Humbling musical software
20+ years ago I started sporadically trying various MIDI software, even considered trying to write my own. I assumed for so long that MIDI would be superseded by something different. I was so wrong.
MIDI became ensconced in Windows at least by 3.1, so unlikely to disappear. (Though even today Microsoft does seem to try to leave behind standards it once championed, e.g., seemingly trying to leave H.323, H.324 and T.120 conferencing standards out of Vista.)
Zenph Studios and partners such as Yamaha are working with what they call High Resolution MIDI. The concept is well described by “high resolution” — conventional MIDI with finer granularity, but otherwise, not the “something different” I had assumed.

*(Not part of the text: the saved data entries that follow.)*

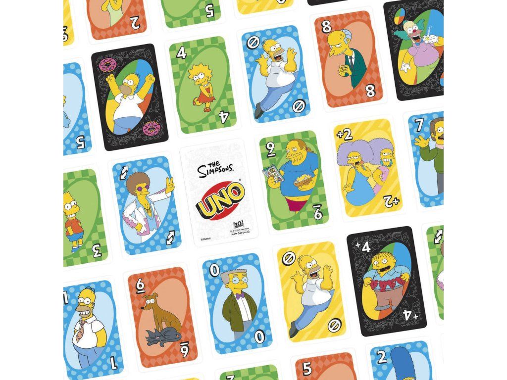 Fanoušci televizního seriálu Simpsonovi ocení tuto verzi karetní hry UNO. Balíček je tematicky zaměřený na tento kultovní seriál a obsahuje grafiku inspirovanou oblíbenými postavami a scénami. Hra UNO Simpsonovi je obohacena o speciální kartu „Woo-hoo! D'OH!“. Tato karta prověří vaše štěstí – buď díky ní zůstanete v bezpečí (Woo-hoo!), nebo vás donutí lízat další karty (D'OH!). Skvělý dárek pro fanoušky Simpsonových a milovníky karetních her.
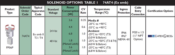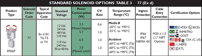 | Solenoid Approval | A | ATEX/IECEx Dual Certified/Labelled |
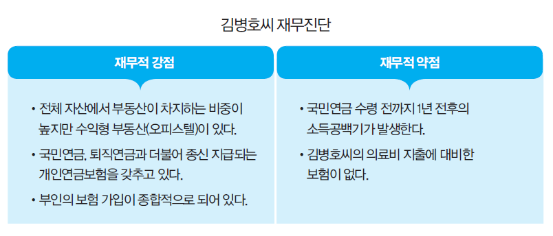 암보험은 보장기간이 80세인 점이 좀 아쉽다. 부인이 가입하고 있는 실손보험의 특약에는 암이나 뇌졸중, 그리고 심근경 색과 같은 주요 질병에 대한 진단비가 포함되어 있지만 김병호씨의 경우는 퇴직으로 인해 질병이나 상해에 대한 보장을 받을 수 없기 때문에 늦기 전에 월 보험료 10 만원 수준에 100세까지 보장받을 수 있는 실손담보를 포함한 건강보험에 가입할 것을 권한다.
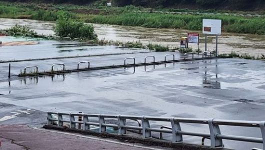호우주의보 발령에 따라 통제 조치된 세종시 조치원 조천 둔치주차장. /사진= 충청취재본부 김기완 기자 |
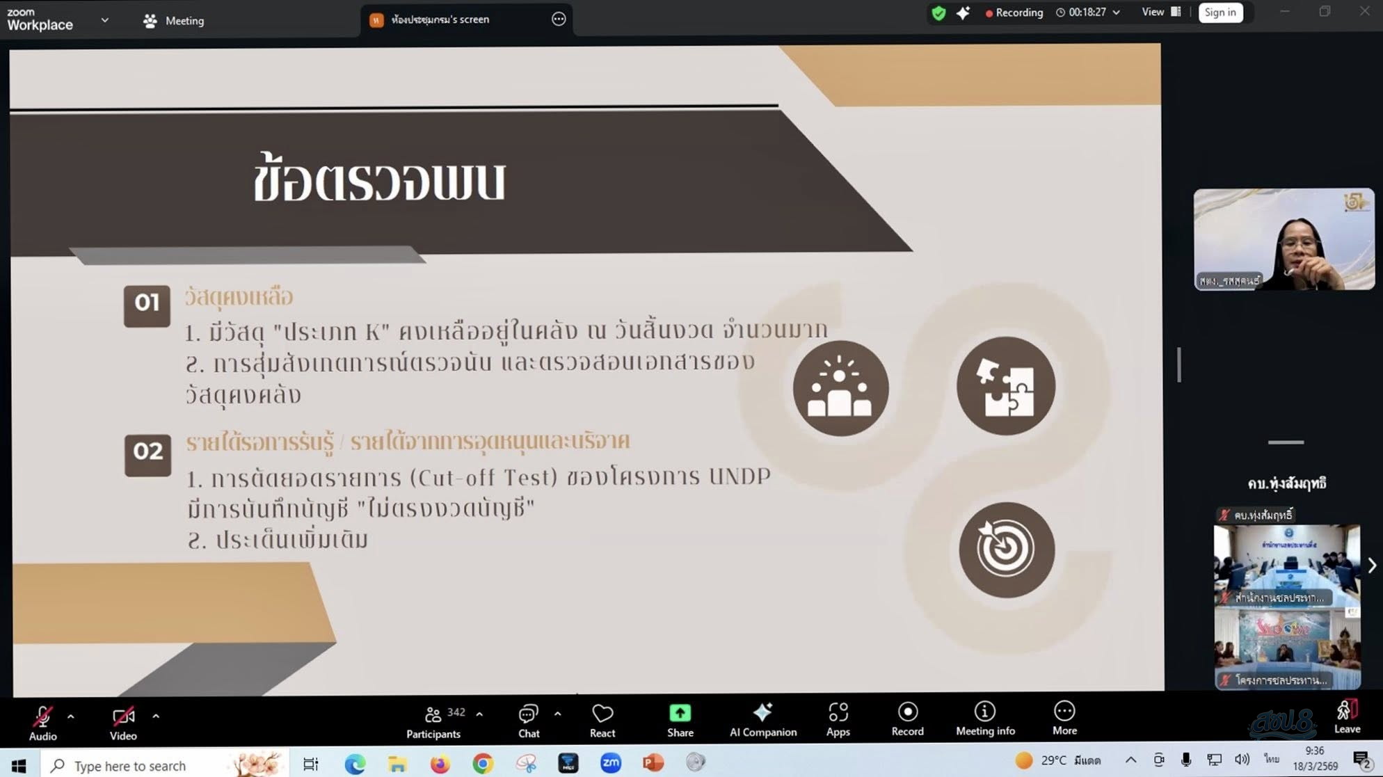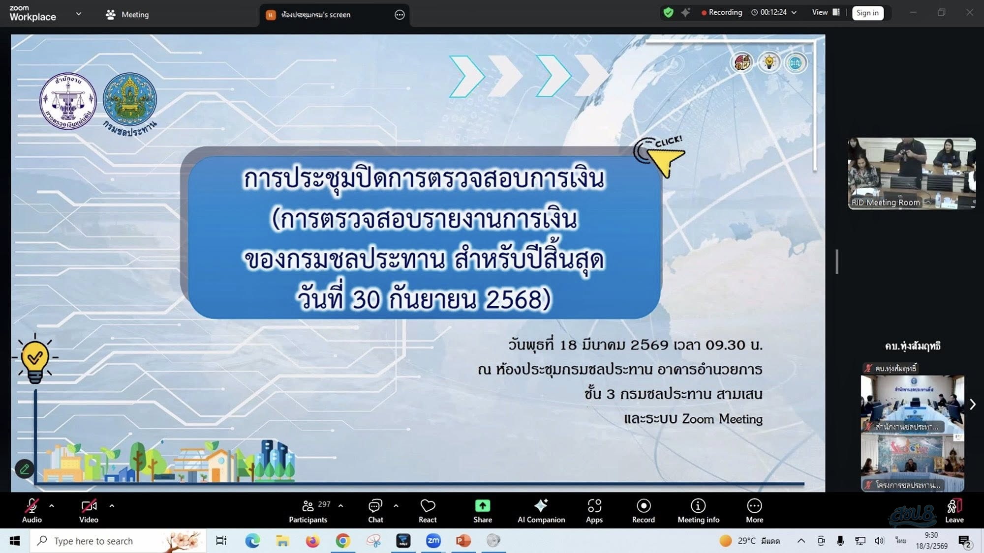 วันพุธที่ 18 มีนาคม 2569 เวลา 09.30 น. นายปิยภัทร สายเมฆ ผู้อำนวยการโครงการส่งน้ำและบำรุงรักษาทุ่งสัมฤทธิ์ มอบหมายให้ นายนิรุตติ พันธุโอสถ หัวหน้าฝ่ายวิศวกรรม และ นายจักรกฤษ เครือวัน นายช่างชลประทานปฏิบัติงาน เข้าร่วมประชุมปิดการตรวจสอบการเงิน (การตรวจสอบรายงานการเงินของกรมชลประทาน สำหรับปีสิ้นสุดวันที่ 30 กันยายน 2568) ผ่านระบบออนไลน์ Zoom Meeting จากห้องประชุมกรมชลประทาน ชั้น 3 อาคารอำนวยการ กรมชลประทาน สามเสน กรุงเทพฯ โดยมี นายชุติมันต์ สกุลพราหมณ์ ผู้อำนวยการกองแผนงาน เป็นประธานการประชุม ซึ่งการประชุมในครั้งนี้เพื่อให้หน่วยงานได้รายงานชี้แจงในประเด็นต่างๆ อีกทั้งเพื่อให้การดำเนินงานตรวจสอบเป็นไปตามระเบียบ ภายใต้แนวทางการปฏิบัติงานตามมาตรฐานการตรวจสอบที่สอดคล้องกับการบริหารงานภาครัฐ ต่อไป ณ ห้องประชุมโครงการส่งน้ำและบำรุงรักษาทุ่งสัมฤทธิ์ ตำบลในเมือง อำเภอพิมาย จังหวัดนครราชสีมา
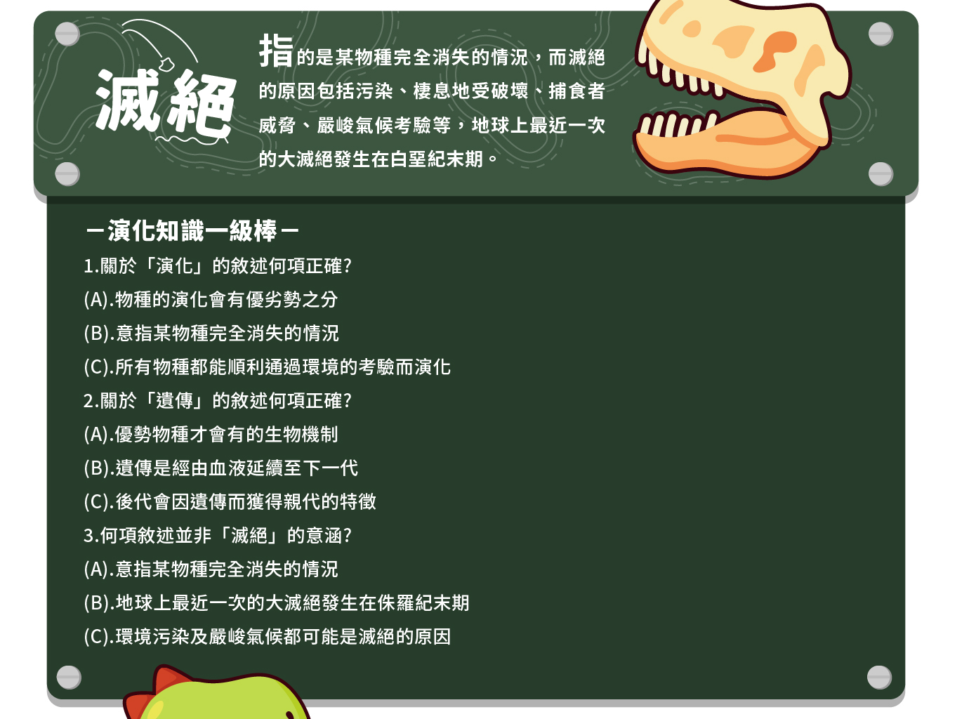 恐龍知識小測驗解答: 1.(C) 2.(C) 3.(C) 4.(A)
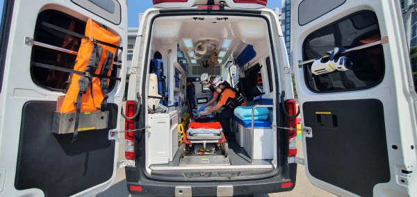 119폭염구급대는 얼음조끼, 생리 식염수 등 폭염장비 9종을 구급차에 비치해 온열질환자 발생시 신속한 응급처치가 가능하다.

What Zenph does with their software seems like science fiction: analyzing great piano recordings, converting them to high-resolution MIDI, feeding the data stream to a suitable piano and creating “re-performances” without the sonic limitations of the original recordings but with the artistic feel of the original.
A Pragmatic Project: Live In Concert descibes Zenph’s appealing software development approach.
Zenph (and, to a lesser but still notable extent, Cubase) are inspiring but also humbling. On the other hand, other software for compression and pitch-correction, though technically impressive, is not “The Future of Music” that I want to think about.